Сохранить живой портрет Фофанова и нужно, и хочется. Его все знали в Петербурге, в Москве едва ли кто знал. Еще лучше его знали в Гатчине, где он был ‘обывателем’, и его все и ежедневно видали на улице, на одних и тех же привычных улицах, в привычном печальном состоянии… Об этом — ниже. Не любить его никто не мог, но все, едва он шумно появлялся (он всегда шумел), убегали от него с любящим смехом, с улыбками, анекдотами.

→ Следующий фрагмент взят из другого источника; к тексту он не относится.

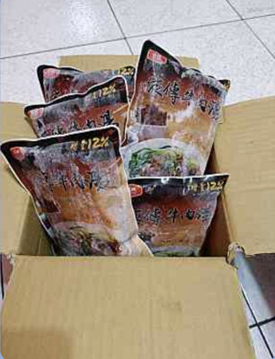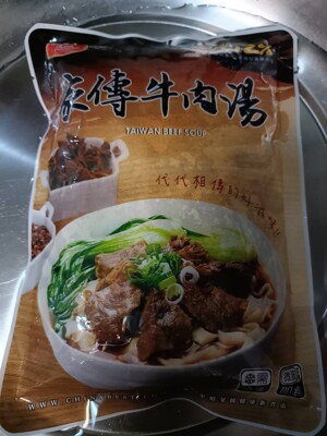 成分:牛肉、水、牛油、青蔥、醬油、牛骨粉、牛肉調味料FT-29A(食鹽、雞抽出物、豬肉抽出物、L-麩酸鈉、焦糖色素1類、檸檬酸、琥珀酸二鈉、5‘-次黃嘌呤核苷磷酸二鈉、5’-鳥嘌呤核苷磷酸二鈉、糊精、馬鈴薯澱粉、月桂、芹菜、香料)、蕃茄、洋蔥、辣豆瓣醬(黃豆(基因改造)、水、辣椒、胺基酸(水、大豆(高蛋白豆片)、食鹽)、砂糖、食鹽、紅蘿蔔、L-麩酸鈉、大豆沙拉油、香油(大豆油、芝麻油)、玉米糖膠、檸檬酸、防腐劑(己二烯酸、苯甲酸)、DL-蘋果酸鈉、羧甲基纖維素鈉、多磷酸鈉、抗氧化劑(異抗壞血酸鈉、維生素E)、乙醯化己二酸二澱粉、醋磺內酯鉀(甜味劑)、琥珀酸二鈉、甘靈-B(檸檬酸鈉、乳糖、甘草酸鈉(甜味劑))、乳酸90%(乳酸、水)、5‘-次黃嘌呤核苷磷酸二鈉、5’-鳥嘌呤核苷磷酸二鈉、水性辣油精(辣椒(Capsicum annuum L.)的萃取物、聚山梨醇酐脂肪酸酯八十(乳化劑)、精製葵花油)、水性辣椒紅(紅椒色素(paprika capsicum annuum L.)的萃取物、乳化劑(脂肪酸甘油酯、聚山梨醇酐脂肪酸酯八十)、偏亞硫酸氫鈉、多磷酸鈉、食用色素六號)、沙茶醬(黃豆油、糙米皮、扁魚、紅蔥頭、糖、食鹽、辣椒粉、薑黃粉、辣椒紅、烏胡椒、花椒、桂通、大茴、調味劑(L-麩酸鈉、琥珀酸二鈉、5‘-次黃嘌呤核苷磷酸二鈉、5’-鳥嘌呤核苷磷酸二鈉)、米酒、牛肉調味料GF(香料(酵母抽出物、黃豆水解蛋白、食鹽、L-麩酸鈉、5‘-次黃嘌呤核苷磷酸二鈉、5‘-鳥嘌呤核苷磷酸二鈉、洋蔥粉、葡萄糖、D-木糖、可可粉、油菜籽油、鹽酸硫胺明(維生素B1)、香料、多磷酸鈉、中鏈三酸甘油酯)、豬肉抽出物、麥芽糊精、酵母抽出物、水、焦糖色素)、蒜仁、二砂、辣椒、紅蔥頭、冰糖、黃汁粉(麵粉、馬鈴薯澱粉(馬鈴薯澱粉、脂肪酸甘油酯)、棕櫚油、鹽、L-麩酸鈉、糖、香料、洋蔥粉、麥芽糊精、番茄粉、醬油粉(醬油、糊精、鹽)、酵母萃取物(酵母萃取物、鹽)、玉米糖膠、焦糖色素、調味劑(5‘-次黃嘌呤核苷磷酸二鈉、5’-鳥嘌呤核苷磷酸二鈉))、雞粉(食鹽、麥芽糊精、雞肉抽出物、L-麩酸鈉、蔗糖、水解動物蛋白、香料(酵母抽出物、L-麩酸鈉、5‘-次黃嘌呤核苷磷酸二鈉、5’-鳥嘌呤核苷磷酸二鈉、食鹽、全蛋粉、油菜籽油、香料、胺基乙酸、DL-蛋胺酸、鹽酸硫胺明(維生素B1)、奶油、酒精、葵花油、麥芽糊精、脂肪酸甘油酯、阿拉伯膠、混合濃縮生育醇(抗氧化劑))、雞油、分離大豆蛋白、二氧化矽、5‘-次黃嘌呤核苷磷酸二鈉、5’-鳥嘌呤核苷磷酸二鈉)、鹽、大豆沙拉油、焦糖色素、薑、八角、辣椒粉、牛晶粉(L-麩酸鈉、食鹽、蔗糖、黃豆水解蛋白、麥芽糊精、洋蔥粉、沙茶粉 、豬肉抽出物、雞肉抽出物、焦糖色素、5‘-次黃嘌呤核苷磷酸二鈉、5’-鳥嘌呤核苷磷酸二鈉、香料、琥珀酸二鈉)、鮮保利VN-101(醋酸鈉(無水)、脂肪酸蔗糖酯)、白胡椒、黑胡椒、大紅袍花椒粒、花椒粒、甘草片、肉桂、白豆蔻、丁香、油性辣椒紅(葵花油、紅椒萃取物)、小茴香子、陳皮、月桂葉。

Появление его в редакции, где всегда бывает много постороннего народа, не знающего этого поэта в лицо (да он часто бывал и ‘неузнаваем’), и, следовательно, не могущего объяснить себе, ‘что это такое’, — вызывало смятение. Моментально захлопывалась дверь и никого не впускали в комнату, где он был, затем как можно скорее удовлетворяли его просьбу или нужду (он иначе, как прося, и не приходил никуда) и затем с ‘попутчиком’ отправляли на ‘следующий пункт’ его вечного странствия, туманного, бесконечного странствия…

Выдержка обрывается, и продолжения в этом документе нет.